## TASK REQUIREMENTS
In this exercise, retype exactly and only the lines from the top of the entries below through the line that holds "Hot Pink Glitter", omitting pictures.

....

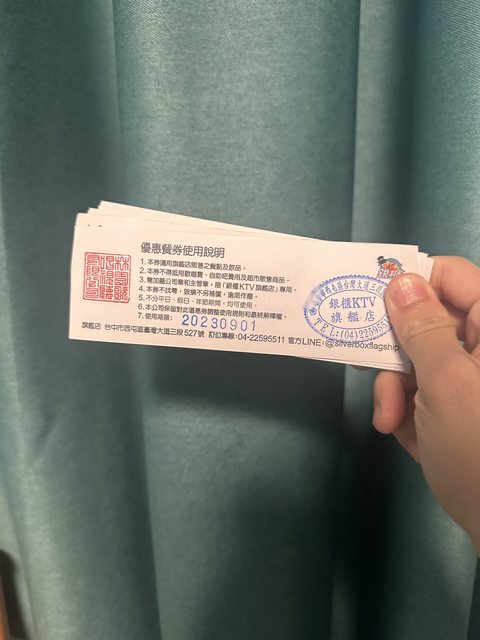 物品說明:使用期限到9/1,能在中港銀櫃旗艦店單點餐飲800元,無法折抵唱歌消費及酒錢
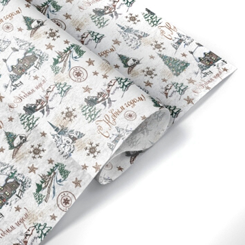 Упаковочная бумага Новогодняя тишью " Интерпак " 70см*40м в рулоне, Во дворе, 18г/м2
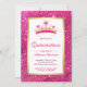 Hot Pink Glitter Tiara Princess Quinceanera Invitation
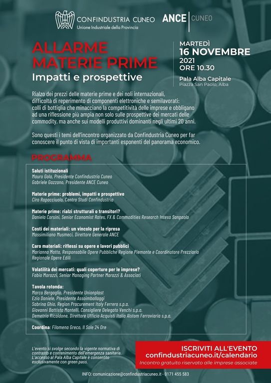 Sulla questione materie prime, Confindustria Cuneo ha voluto accendere i riflettori, sollevando il problema dopo aver raccolto le preoccupazioni delle imprese e proponendo anche, attraverso il CSI (Centro Servizi peer l’Industria), il “Monitor materie prime”, un nuovo servizio per i suoi associati che offre consulenze personalizzate sui prezzi delle principali commodity per una gestione efficace degli approvvigionamenti e del magazzino. In quest’ottica si inserisce l’incontro dal titolo “Allarme materie prime – Impatti e prospettive”, in programma martedì 16 novembre al Pala Alba Capitale, con inizio alle 10,30 (accrediti dalle 10): un momento di approfondimento per analizzare questi temi ed individuare strumenti e strategie di supporto della competitività delle imprese sui mercati, attraverso il punto di vista di importanti esponenti del panorama economico nazionale. Organizzato da Confindustria Cuneo insieme ad ANCE Cuneo, il convegno sarà moderato dalla giornalista de “Il Sole 24 Ore” Filomena Greco. Dopo gli interventi introduttivi del presidente di Confindustria Cuneo Mauro Gola e del presidente di ANCE Cuneo Gabriele Gazzano, i Centri Studi di Confindustria e di Intesa San Paolo, rappresentati rispettivamente da Ciro Rapacciuolo e Daniela Corsini, forniranno un quadro della situazione attuale e le proiezioni al 2022 per quanto riguarda il mercato delle materie prime. Seguirà l’intervento, in videocollegamento, del direttore generale ANCE Massimiliano Musmeci, che approfondirà la situazione del comparto edile la cui ripresa è minacciata dal caro materiali. Tra i relatori anche Marianna Matta, responsabile opere pubbliche della Regione Piemonte e coordinatore del prezzario regionale delle opere edili, il cui intervento verterà sui riflessi di rincari e difficoltà di approvvigionamento sulle opere pubbliche, e Fabio Marazzi, Senior Managing Partner Marazzi&Associati, che si concentrerà sulla volatilità dei prezzi e sulle coperture per le imprese. Il convegno si concluderà con una tavola rotonda a cui parteciperanno il presidente di Unionplast Marco Bergaglio, il presidente di Assoimballaggi Ezio Daniele, il Region Procurement Italy del gruppo Ferrero Sabrina Ghio, il consigliere delegato di Venchi Giovanni Battista Mantelli e il direttore Ufficio Acquisti Italia di Alstom Ferroviaria Demetrio Ricaldone.
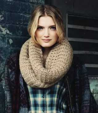 Шарфы такого типа очень популярны. Это изделие легко связать спицами.
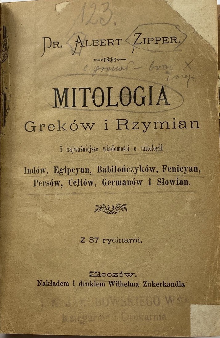Zipper Albert, Mitologia Greków i Rzymian i najważniejsze wiadomości o mitologii Indów, Egipcyan, Babilończyków, Fenicyan, Persów, Celtów, Germanów i Słowian, nakładem i drukiem Wilhelma Zukerkandla, Złoczów [1926], s. XII, 456, wymiary 10,5 x 15 cm. Nieakt. pieczęć własności. Podkreślenia na stronie tytułowej. Półskórek wykonany w pracowni Suszek Books.
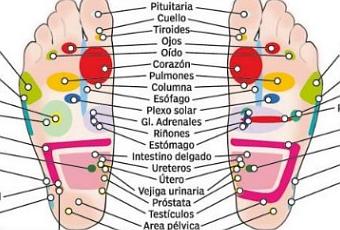 Revisé mi mapa de reflexología para ver más o menos la correspondencia de los diversos puntos del pie con los órganos del cuerpo. Así que cada vez que mis pequeñas tienen una mala noche, o están un poco nerviosas, les hago un poco de masaje en los pies y quedan divinas.
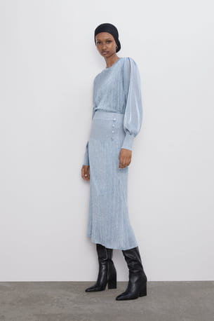 Jupe en maille brillante longueur mi-mollet avec boutons sur le coté de Zara
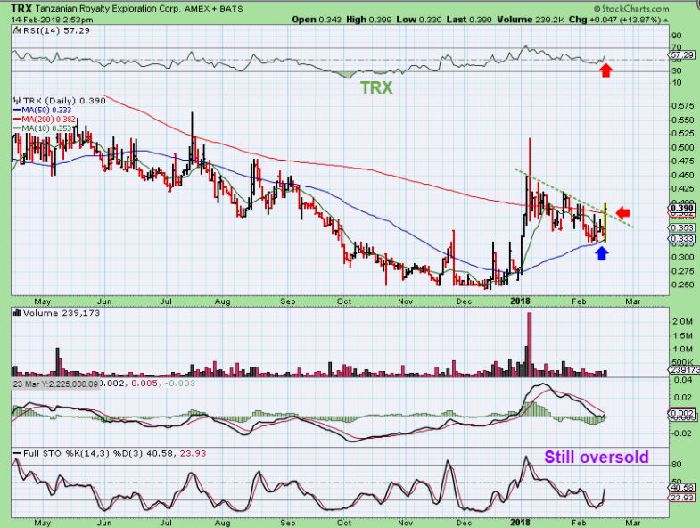 TRX – Notice that TRX also DID NOT sell off to lows in last weeks shake out, instead it found support at the 50sma. Wednesday it Burst higher up 13% when I took this, but it can run a lot higher.
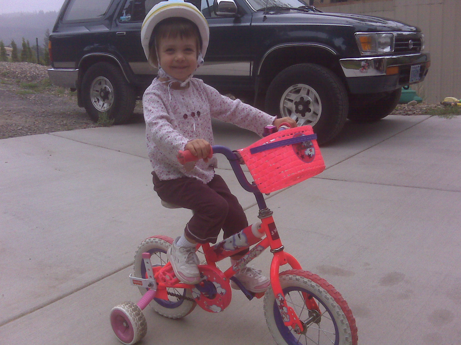 Now, I was trying to think of a way to save it for later, but in the end I realized that I just needed to give it to her. She has taken to this new bike like a baby to diapers, like a fish to water, like… well, you understand.
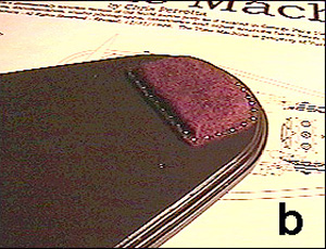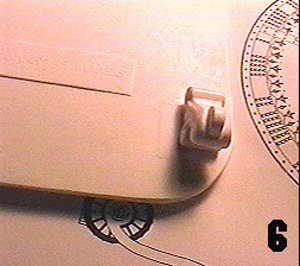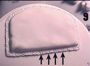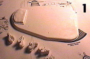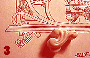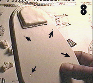 | Pic 9 indicates the molded tacks surrounding the molded foot cushion. With a fine drill bit, drill through all of these "tacks", being careful not to drill all the way through the base. These holes are for the tiny brass tacks that will be inserted after paint and flocking are applied. Before priming, wash the piece in warm water and soap to remove any release agent that might be caught in any creases or crevises, as well as any particles from drilling, sanding or filing. An old soft toothbrush is good for this. Dry with paper towels or cloth, but also let it air dry for a time - water can get trapped within the creases of the molding around the edge of the base and in any of the drilled holes that you may not be able to reach with the towel. | ![]() |
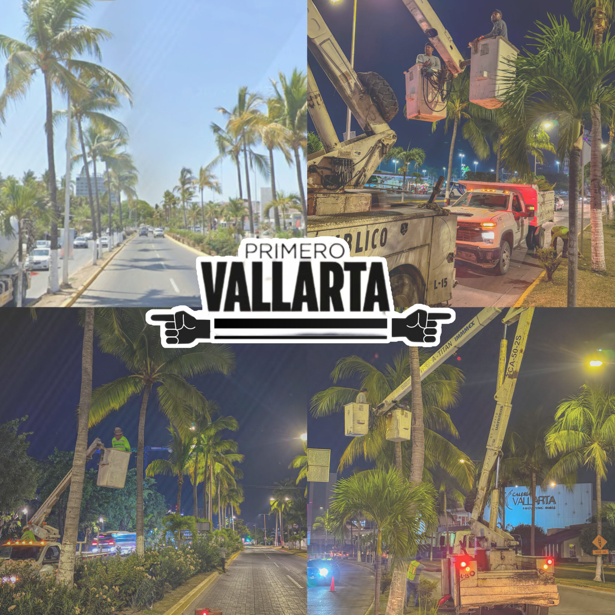 El Gobierno Municipal ha llevado a cabo una extensa jornada de mantenimiento en una de las arterias viales más importantes de la ciudad, la Avenida Francisco Medina Ascencio. El operativo consistió en la poda de palmeras a lo largo de los camellones centrales con un doble propósito: reforzar la seguridad vial y optimizar la imagen del puerto de cara a la temporada vacacional de invierno.
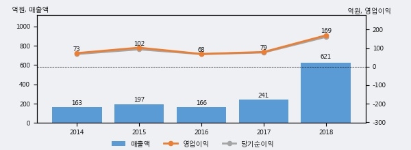 최근 실적을 살펴보면 2018년 매출액이 최근 5년 중 가장 높은 실적을 기록했음을 알 수 있다. 이전 최고 실적이었던 2017년 보다도 157.8%(380억 1천만원) 늘어난 것으로 나타났다.
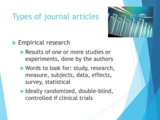 This document discusses different types of nursing journal articles and how to search for them. It describes empirical research articles, review articles, theoretical articles, case studies, and editorials. It also covers Boolean and keyword searching strategies and databases for finding nursing literature, including CINAHL, Cochrane Reviews, and Ovid Nursing Collection. Tips are provided for reading research articles and getting permalinks. Other resources mentioned include the health science library, interlibrary loan, and getting research assistance.
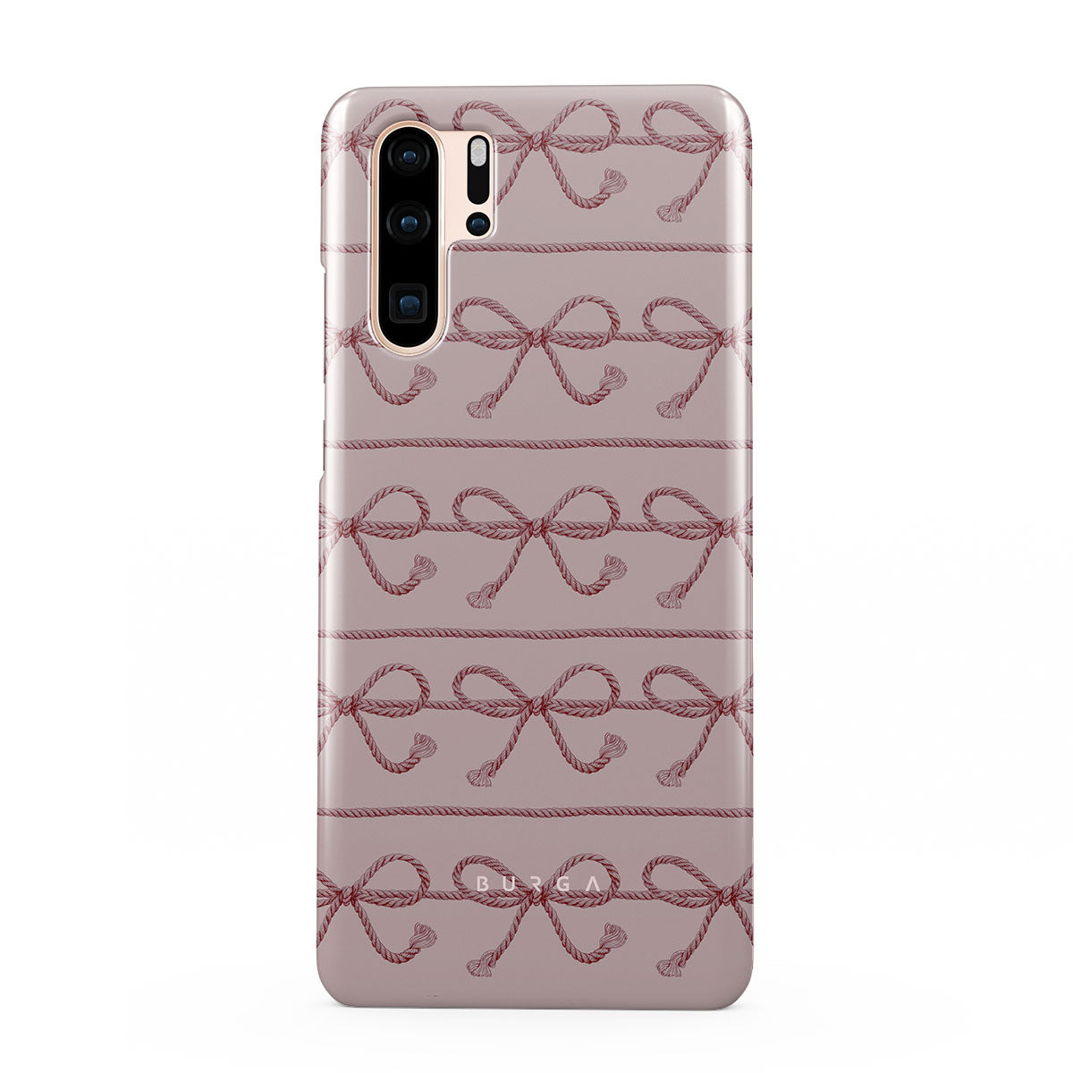 This design features: pink bows, pink background, ropes, playful pattern.

....

## SOLUTION TO THE PROBLEM
 物品說明:使用期限到9/1,能在中港銀櫃旗艦店單點餐飲800元,無法折抵唱歌消費及酒錢
 Упаковочная бумага Новогодняя тишью " Интерпак " 70см*40м в рулоне, Во дворе, 18г/м2
 Hot Pink Glitter Tiara Princess Quinceanera Invitation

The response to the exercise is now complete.